Suppose that, for a particular species and area, there are VDS time series at \(M\) stations. With some abuse of notation, let \(y_{mij}\) be the VDS measurement of the \(j\)th female snail in year \(t_{mi}\) from station \(m\). Then the full model is

\[\text {logit} \left( \text {Prob} (y_{mij} \le k) \right) = \mu _{mi} + \theta_k\]

where \(\mu _{mi}\) represents the underlying level of TBT contamination in year \(t_{mi}\) at station \(m\).
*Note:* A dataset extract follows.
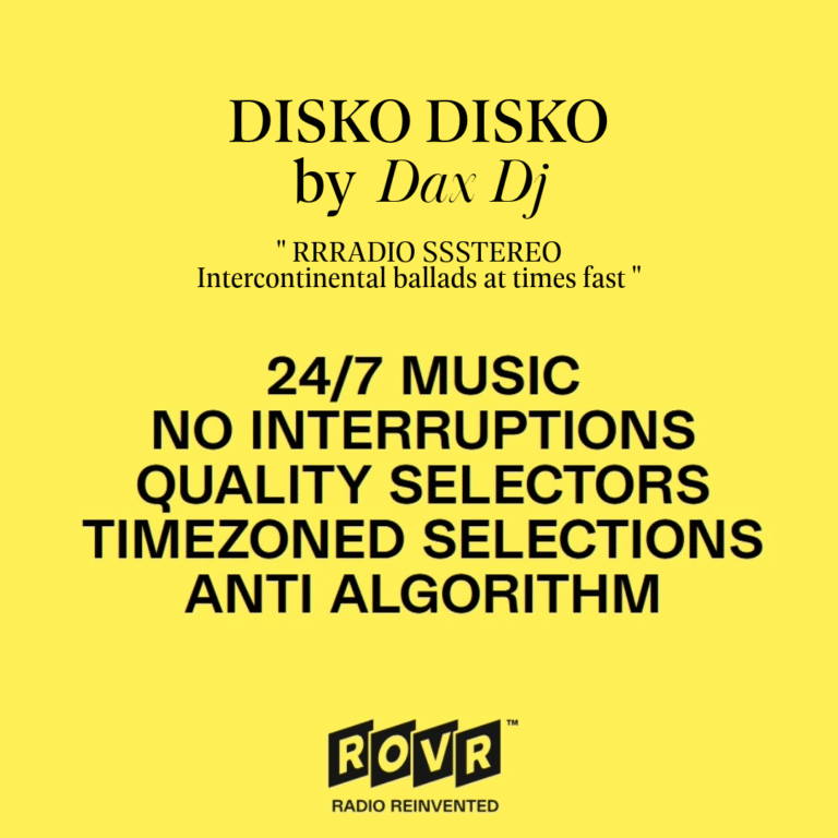 🎧 https://rovr.live/show/ft5lnv3efe3266kccdyipano DISKO DISKO Gu Mascio invited me to compile some music for ROVR live. A new-generation music discovery platform: 24/7 music, no interruptions, quality selectors, timezoned selections, anti-algorithm. Tune

The species area combinations used for estimating the cut-points are here.


Estimating the mean VDS class

The mean VDS class in year \(t\), denoted \(v(t)\), is

\[v(t) = \sum_{k = 0}^K k \text { Prob} \left ( Y_t = k \right )\]

where \(Y_t\) is a random variable describing the VDS class of individual snails in year \(t\). The probabilities are expressed in terms of \(f(t)\) and the cut-points through the relationships

\[\begin{align} \text { Prob} \left ( Y_t = k \right ) &= \text { Prob} \left ( Y_t \le k \right ) - \text { Prob} \left ( Y_t \le k-1 \right ) \\ &= \frac {\text {exp} (f(t) + \theta_k)} {1 + \text {exp} (f(t) + \theta_k)} - \frac {\text {exp} (f(t) + \theta_{k-1})} {1 + \text {exp} (f(t) + \theta_{k-1})} \end{align}\]

with \(\text {Prob} (Y_t \le K) = 1\) as before. The mean VDS class \(v(t)\) is then estimated by plugging the estimates of \(f(t)\) and the cut-points into these formulae.

Approximate confidence intervals on \(v(t)\) are obtained by simulating the distribution of the estimates of \(f(t)\) and the cut-points and hence the distribution of \(\hat {v(t)}\)8. In particular, an upper one-sided 95% confidence limit on \(v(t)\) is the 95% ordered value of the simulated distribution of \(\hat {v(t)}\).